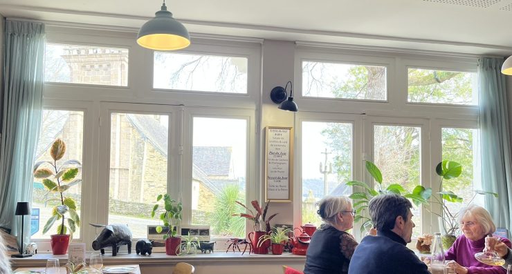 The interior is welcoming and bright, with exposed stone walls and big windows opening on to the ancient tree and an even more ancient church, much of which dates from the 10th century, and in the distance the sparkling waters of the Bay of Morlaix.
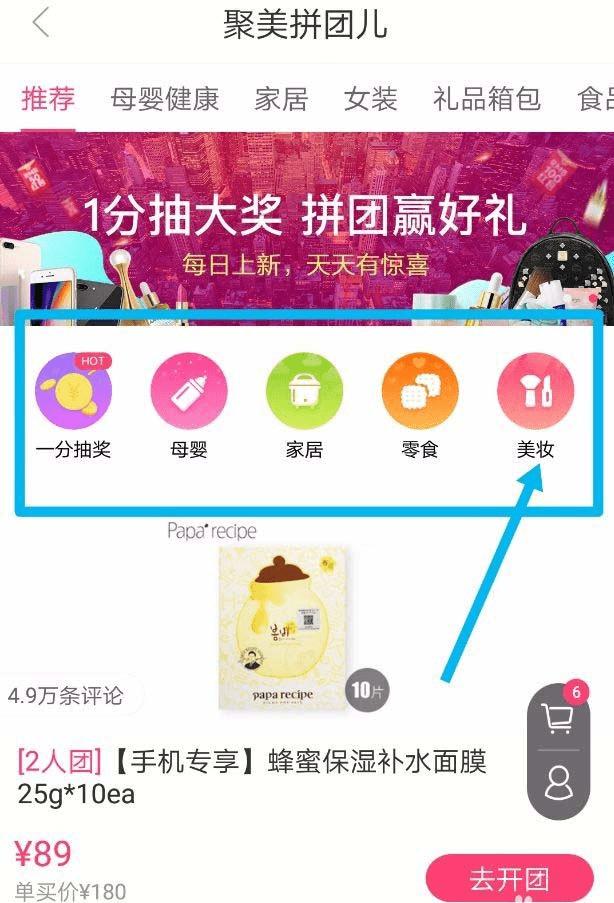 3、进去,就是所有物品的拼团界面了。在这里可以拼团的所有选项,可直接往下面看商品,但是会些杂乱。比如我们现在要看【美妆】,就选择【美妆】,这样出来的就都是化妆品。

---

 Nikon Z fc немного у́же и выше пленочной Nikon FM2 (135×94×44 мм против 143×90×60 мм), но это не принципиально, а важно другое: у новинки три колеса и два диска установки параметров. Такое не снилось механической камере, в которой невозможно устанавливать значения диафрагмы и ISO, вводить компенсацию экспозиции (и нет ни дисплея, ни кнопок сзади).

## How to complete this task
Among the records above, locate the line containing "The interior is" and the line containing "3、进去,就是所有物品的拼团", then transcribe exactly the lines starting at the first and ending at the second, with no pictures.

## Response area
 The interior is welcoming and bright, with exposed stone walls and big windows opening on to the ancient tree and an even more ancient church, much of which dates from the 10th century, and in the distance the sparkling waters of the Bay of Morlaix.
 3、进去,就是所有物品的拼团界面了。在这里可以拼团的所有选项,可直接往下面看商品,但是会些杂乱。比如我们现在要看【美妆】,就选择【美妆】,这样出来的就都是化妆品。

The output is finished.